Biography
Dr. Lauren C. Ng is an Assistant Professor in the Department of Psychiatry at the Chobanian and Avedisian School of Medicine and a Clinical Psychologist at Boston Medical Center. Her research focuses on the mediators and moderators of, and interventions for, psychological outcomes of trauma exposure in low- and middle-income countries and low resource settings in the United States. The ultimate goal of her research is to increase access to effective and culturally appropriate mental health services and to reduce disparities in care and the burden of mental illness in some of the most vulnerable populations around the world. She is currently the principal investigator of a K23 patient-oriented mentored career development award from the National Institute of Mental Health (NIMH) to assess the feasibility, effectiveness and implementation of an evidence-based intervention for posttraumatic stress disorder (PTSD) in patients with serious mental illness in Ethiopian primary care clinics.
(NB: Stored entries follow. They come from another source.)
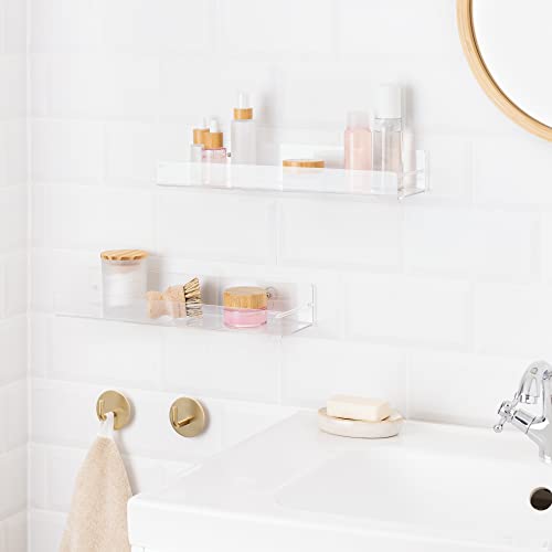 Navaris 2X Mensola Doccia Senza Foratura Rettangolare - Set Mensole Adesive 2 Pz - Portaoggetti Bagno Parete - Porta Sapone Adesivo - 38 x 10 x 6,8 cm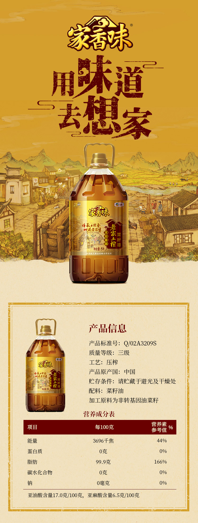 福临门家香味老家土榨菜籽油5L/桶浓香食用油家用桶装 非转基因 土榨浓香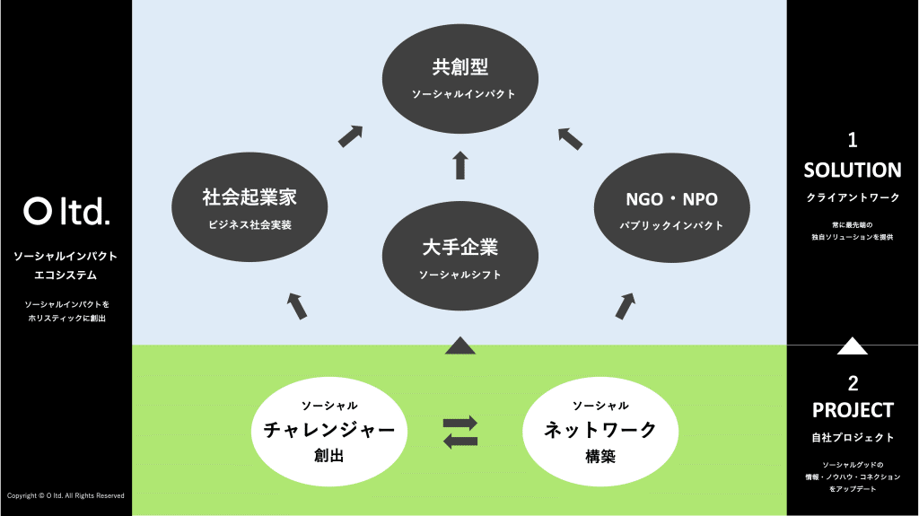 O ltd. は、ありとあらゆる社会課題に挑戦し、社会に大きなソーシャルインパクトとビジネスインパクトを創出し続けるための、独自のソーシャルインパクトエコシステムを設計しています。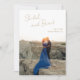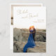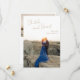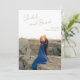 Casamento moderno salve o cartão de data com um simples design com seus nomes em um roteiro elegante no canto superior esquerdo e seu encontro, cidade e estado abaixo à direita, sobre sua foto vertical favorita. O modelo inclui uma camada superior ao longo da parte superior para ajudar o texto a se destacar contra sua foto e pode ser removido na ferramenta de edição de design. O verso tem uma segunda imagem horizontal, juntamente com detalhes adicionais em ouro antigo. Esse design monocromático mínimo funciona bem para uma variedade de estilos e temas de casamento. Se preferir, você pode alterar as cores na ferramenta de edição de design.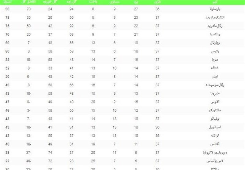 جدول ردهبندی لالیگا را زیر مشاهده کنید.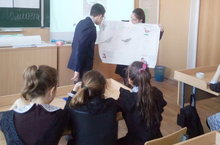Сегодня в нашей школе прошла встреча с представителем организации "Реальная астрономия", который подробно и интересно рассказал учителям начальных классов о своей программе, представляющей собой курс интерактивных занятий с учениками 1-4 классов по астрономии, на которых ребята не только слушают и знакомятся с миром космоса, но и могут самостоятельно с помощью джойстика путешествовать по галактикам и даже прилететь во двор своей школы.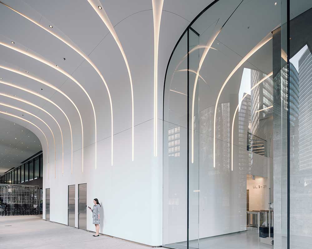 Per questo lo studio Krueck + Sexton di Chicago, chiamato a progettare un nuovo atrio, luminoso e unificante, con spazi informali, flessibili, funzionali e confortevoli, ha concepito una sinuosa facciata curva in vetro, il cui perimetro scorre, estendendosi verso il fiume su cui si affaccia, intorno ai pilastri dell’edificio, generando un andamento a serpentina dello spazio interno, rivestito in pannelli curvi di Krion® di colore bianco Snow White.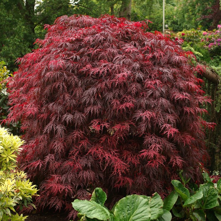 Acer palmatum ‘Garnet’ captivates with its deeply lobed, crimson foliage, creating a stunning focal point throughout the seasons in any UK garden.

Her clinical specialty is providing evidence-based cognitive-behavioral therapies to diverse, primarily low-income, child and adult clients coping with PTSD. She currently sees clients who are refugees and asylum seekers through the Boston Center for Refugee Health and Human Rights.
She has completed two NIMH funded postdoctoral research fellowships in global mental health; the first at the Harvard T.H. Chan School of Public Health, and the second at the Chester M. Pierce, MD Division of Global Psychiatry at Massachusetts General Hospital. She received her PhD from the University of Southern California and her BA from Yale University.